I lost another sheep yesterday. Honestly, this is by far and away my worst winter ever as a crofter. I make that 10% of my stock lost since the end of September. Again, it was as result of a sheep being on her back and unable to get up. This time it was one of the sheep scanned empty last month.
She was out in the village park, with the other empties and I noticed there was one missing when I went out to feed the singles. Obviously a bad sign, straight away, as she didn’t come running when I called them.

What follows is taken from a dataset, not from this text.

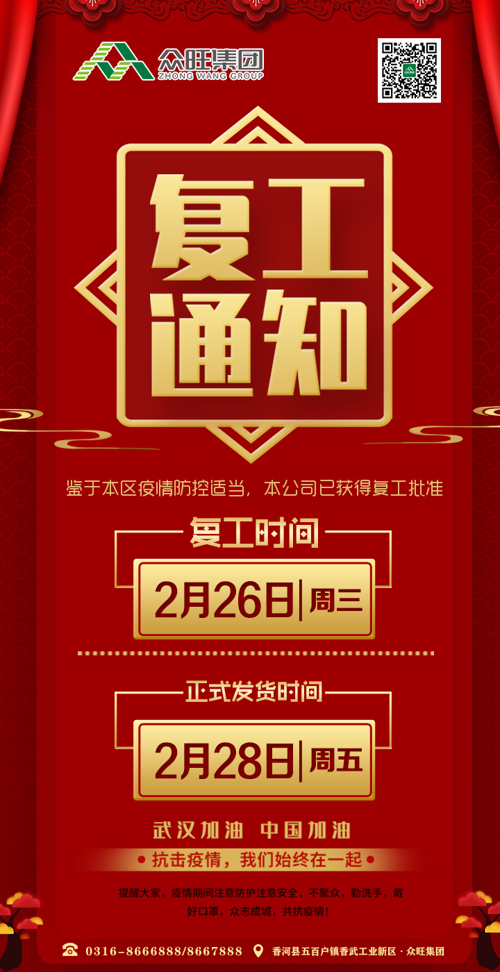 ★復(fù)工時(shí)間:2020年2月26日,周三

I found her stuck on a slight slope. Just to the right here, there is a ruin of a house and the ground slopes away down towards the left, away from the house. The sheep may have slipped or bumped into another sheep and ended up stuck helplessly on her back.
She wasn’t far away from the village but no-one could see her, as there was another (empty) house between her and the rest of the village.
Rear legs facing almost straight up and the sign of poo round her rear shows she was there for a while.
A quick check of her tag shows she was a sheep I bought as an in-lamb ewe from someone else in Ness last year.
I took her in to the machair to bury her, and on my way in, I came across something I’d never seen before. A ferret/polecat drowned in an old bath.
I put the cast-iron bath there last Easter, to use as a water trough for the sheep. There has been little rain here for the past fortnight, so it must have jumped in for a drink and not got out again.
I scooped it out of the water (don’t want it decomposing in there!) and left it on the ground for scavengers to take.
Poor thing!
The poor sheep. I feel sorry for you Donald. It was intersting to read about the ferret.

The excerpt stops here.